Let $E$ be a complex Hilbert space, with inner product $\langle\cdot\;, \;\cdot\rangle$ and the norm $\|\cdot\|$ and let $\mathcal{L}(E)$ be the algebra of all bounded linear operators from $E$ to $E$. We recall the Douglas Theorem:
Douglas Theorem: Let $T_1,T_2 \in \mathcal{L}(E)$. The equation $T_1X=T_2$ has solutions in $\mathcal{L}(E)$ if and only if $\mathcal{R}(T_2) \subseteq \mathcal{R}(T_1)$, where $\mathcal{R}(T_1)$, $\mathcal{R}(T_2)$ are respectively the ranges of $T_1$ and $T_2$.
Let $M\in \mathcal{L}(E)^+$ (i.e. $M^*=M$ and $\langle Mx\;, \;x\rangle \geq0,\;\forall x\in E$). By Douglas theorem $MX=T^*M$ has solutions if and only if $\mathcal{R}(T^{*}M)\subseteq \mathcal{R}(M)$.

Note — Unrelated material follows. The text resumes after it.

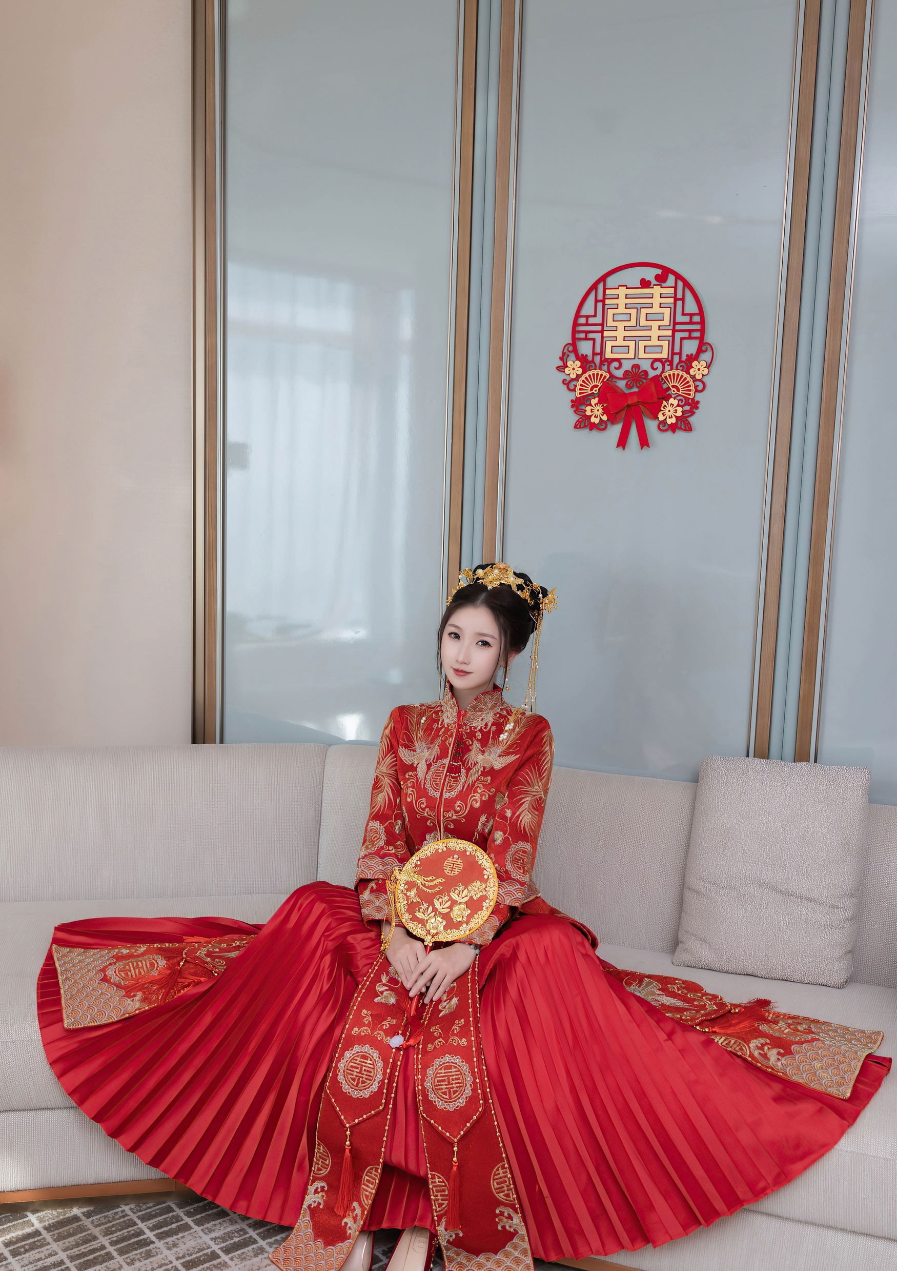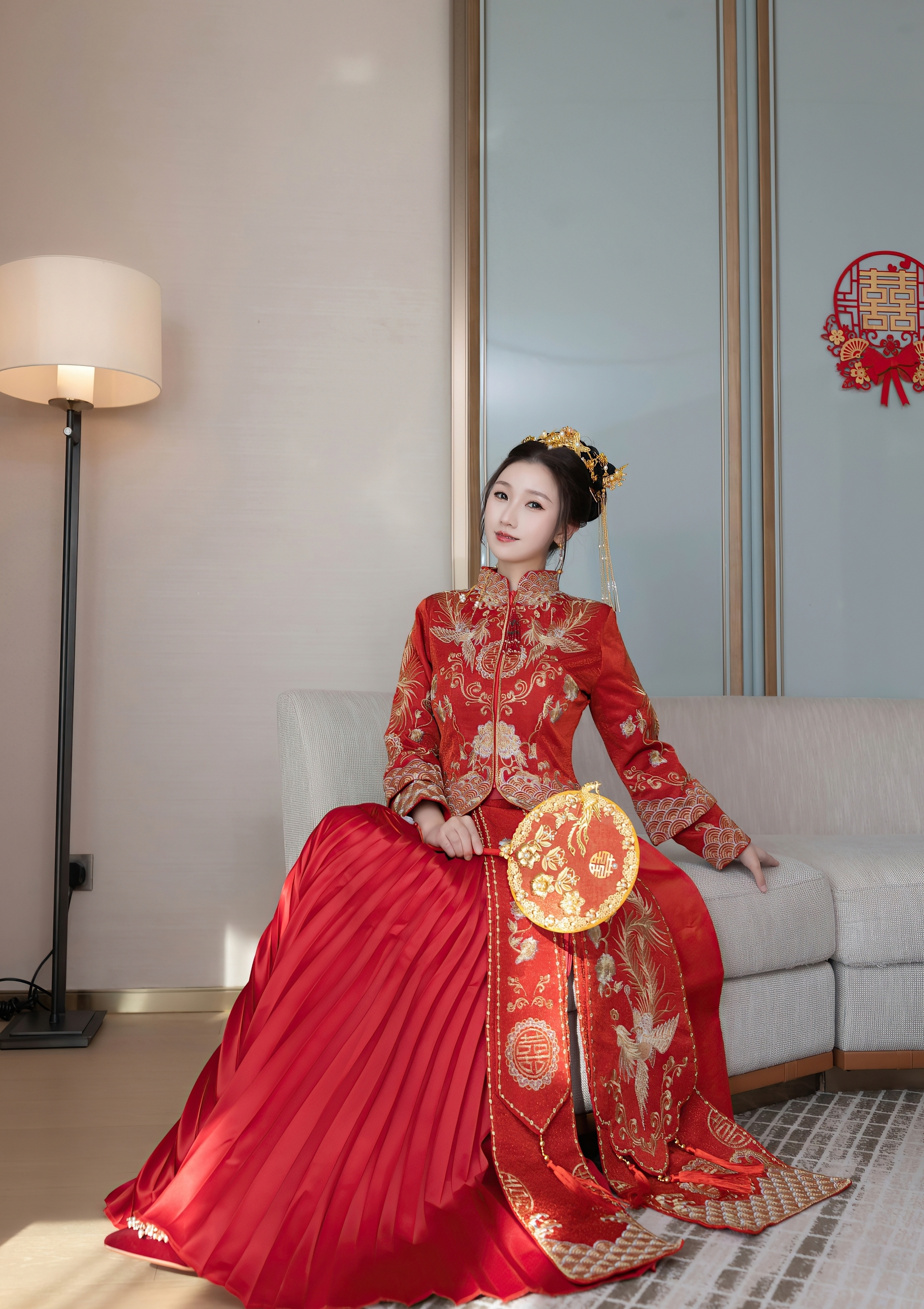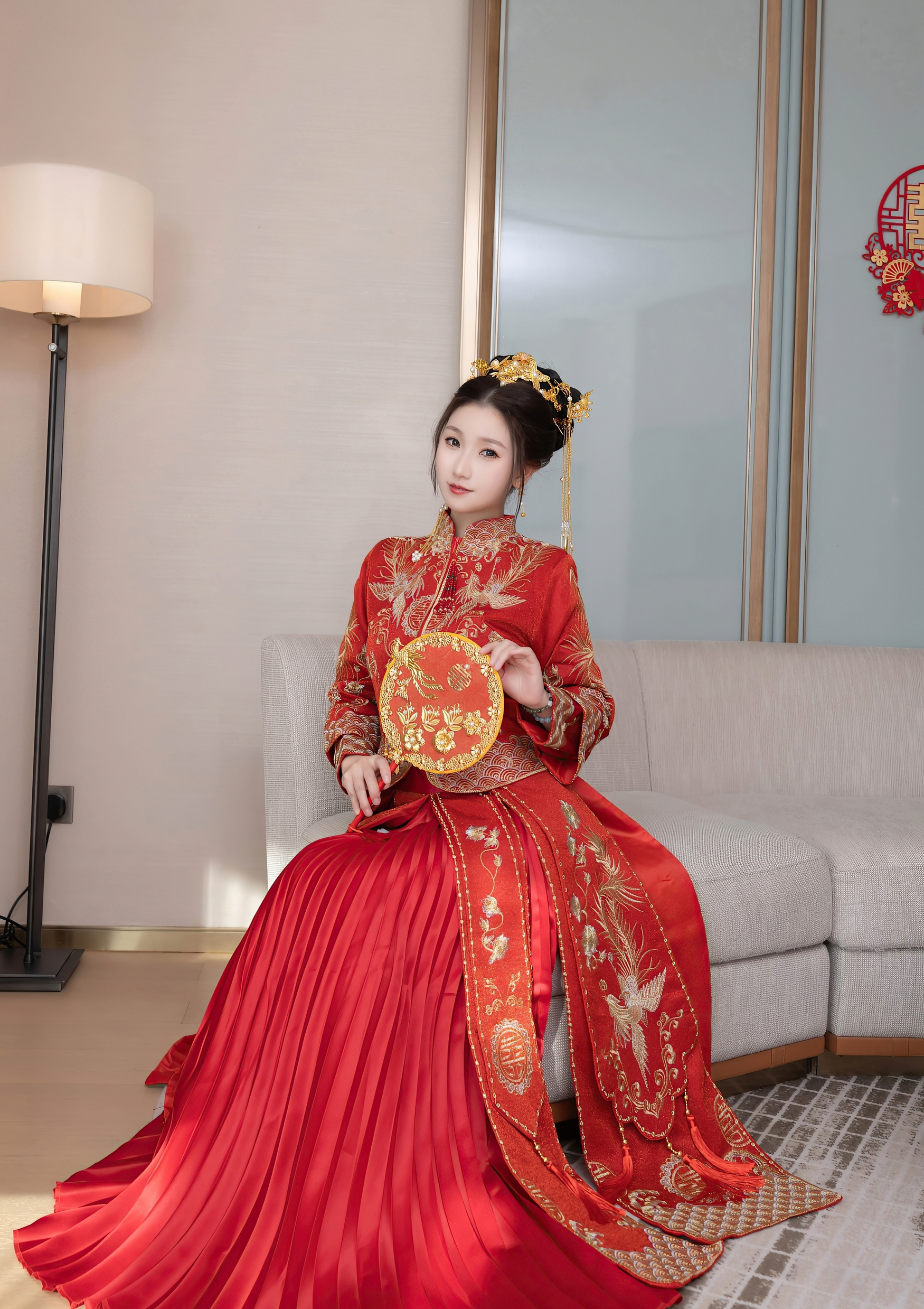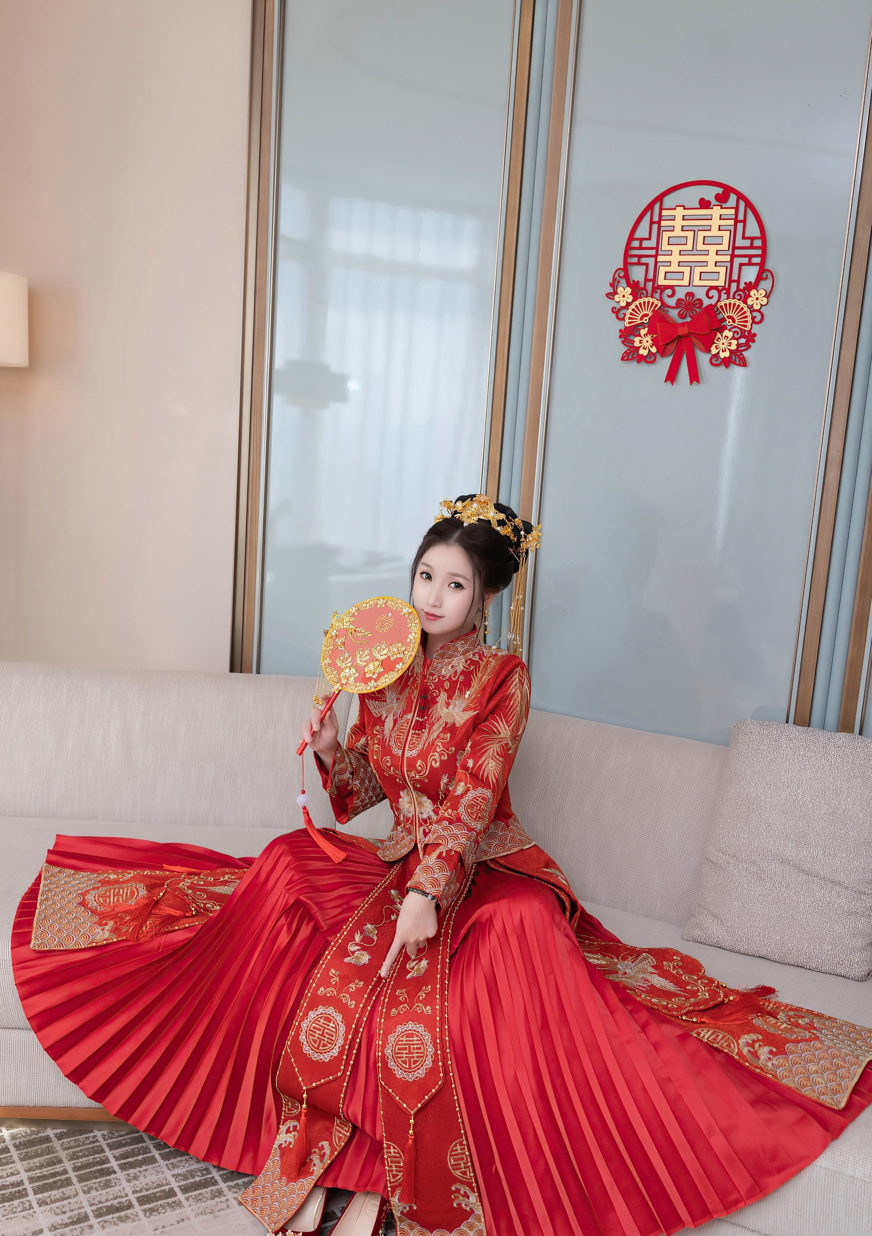 她身着一袭正红秀禾服,金线织就的凤凰在衣上翩跹起舞,祥云环绕,双喜缠枝,每一针每一线皆诉说着古老而深情的祝福。上衣立领盘扣,剪裁合体,勾勒出温婉的肩颈线条;下摆百褶如波,层层叠叠,似红霞铺展于大地,又似春水泛起涟漪。

I want to construct an example in which $MX=T^*M$ hasn't any solutions (i.e. $\mathcal{R}(T^{*}M)\nsubseteq \mathcal{R}(M)$.
Thank you.
Take $$ T=\begin{bmatrix} 0&1\\ 0&0\end{bmatrix} ,\ \ M=\begin{bmatrix} 1&0\\ 0&0\end{bmatrix}. $$ Then $T^*M=I-M$.